6 Responses to “My Take on Extreme Couponing”

  1. Dauphine on May 21st, 2011 3:36 pm

    Great post and a rather spot-on observation.

    My enthusiasm for the concept rapidly diminished the longer I tuned in.

    I found the idea intriguing, for here in Canada, extreme couponing is all but impossible given current rigid store policies.

    The saving grace of the series was the one participant who provided care packages to the troops: as for the rest of them …

    BTW: Great blog!

    Best regards from Montréal, Canada.
    Missy D

  2. rdzins on June 1st, 2011 8:38 am

    I agree with the above poster, are local stores do not really honor internet coupons double coupons over .25 ct… Truly not worth it. I find that we tend to buy certain items and stock up or buy them on sale. I do not have the time to run to several different stores, and to try to find the coupons which expire fast to me seems like a time waster. I try to focus more on using up what I have and not wasting anything, it is not really a good deal if you end up throwing it out because you don’t like it or it was cheap.

  3. Aryn on June 1st, 2011 11:44 am

    I completely agree! US coupon policies are a little more generous, but I rarely use internet coupons anyway. I don’t have time to hunt them down and I hate that they use a whole sheet of paper and color ink for one coupon. I mostly stick to the newspaper coupons unless I hear about a really great internet coupon.

    I also agree that it’s better to use up what you have instead of wasting something because it was free or cheap!

  4. Will on June 28th, 2011 9:08 am

    I agree! Extreme couponing is just crazy.
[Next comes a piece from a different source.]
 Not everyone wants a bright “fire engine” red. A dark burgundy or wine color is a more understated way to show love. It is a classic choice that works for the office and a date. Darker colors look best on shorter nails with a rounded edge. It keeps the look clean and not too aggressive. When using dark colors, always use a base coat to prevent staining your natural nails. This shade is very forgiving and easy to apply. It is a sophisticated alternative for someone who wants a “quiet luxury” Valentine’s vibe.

Vast majority of those people don’t have a good reason to have so much stuff. One thing people failed to mention is that technology continue to improve even for household goods. Most manufacturers are constantly improving… Do you really want to use toothpaste that’s 2 or 3 years old, or do you want to use the more efficeint improved formular? Couponing is great but only if you use for items that you actually need and not to hoard them for your lifetime.
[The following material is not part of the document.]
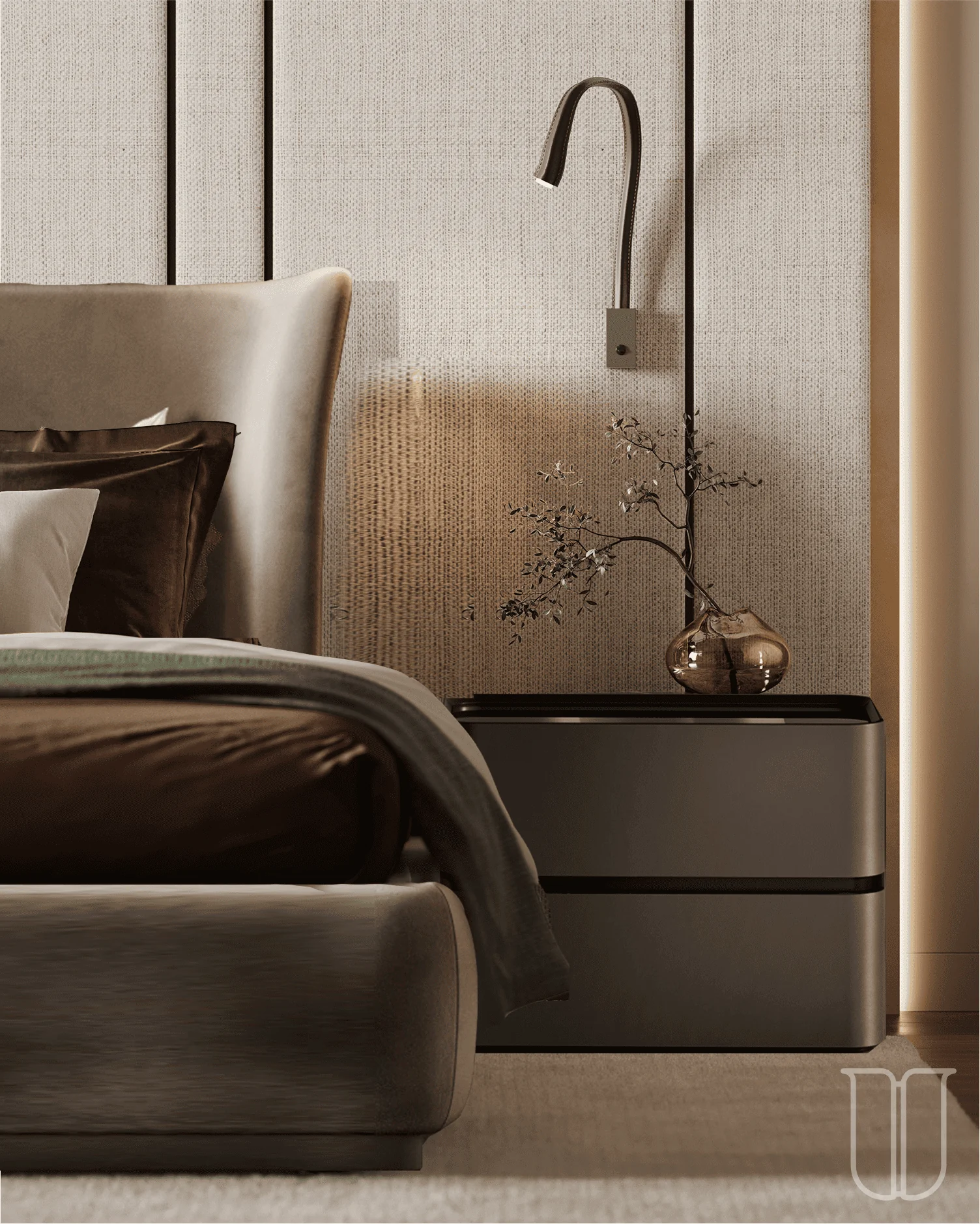 There are no accidental surfaces: the texture of rare veneers feels deeper, more alive; matte finishes diffuse light softly, without glare; fabrics drape naturally beneath the hand, as if they remember the gesture.

  5. Katie on August 21st, 2011 11:38 am

    I totally agree with this post. I use to coupons to help save money on the things i need especially diapers. However i do not stockpile and i am so sick of going into a store and the shelfs being cleared. I think that couponing has become so popular that people are wasting there money on stuff that they do not need.

  6. Stephanie on August 28th, 2011 8:42 pm

    I agree with Katie. However, my stance is still a bit different. I do stockpile. However, I don’t stockpile a grocery store. I mainly coupon at CVS and Walgreens; only for toiletries. I have a budget of $7 per store a week and always have ECB’s or RR’s to roll over. I have three plastic bins underneath our bathroom sink, and always keep them full. I don’t coupon for food items because my husband and I eat very healthy. It is unrealistic to provide healthy meal options for your family while couponing.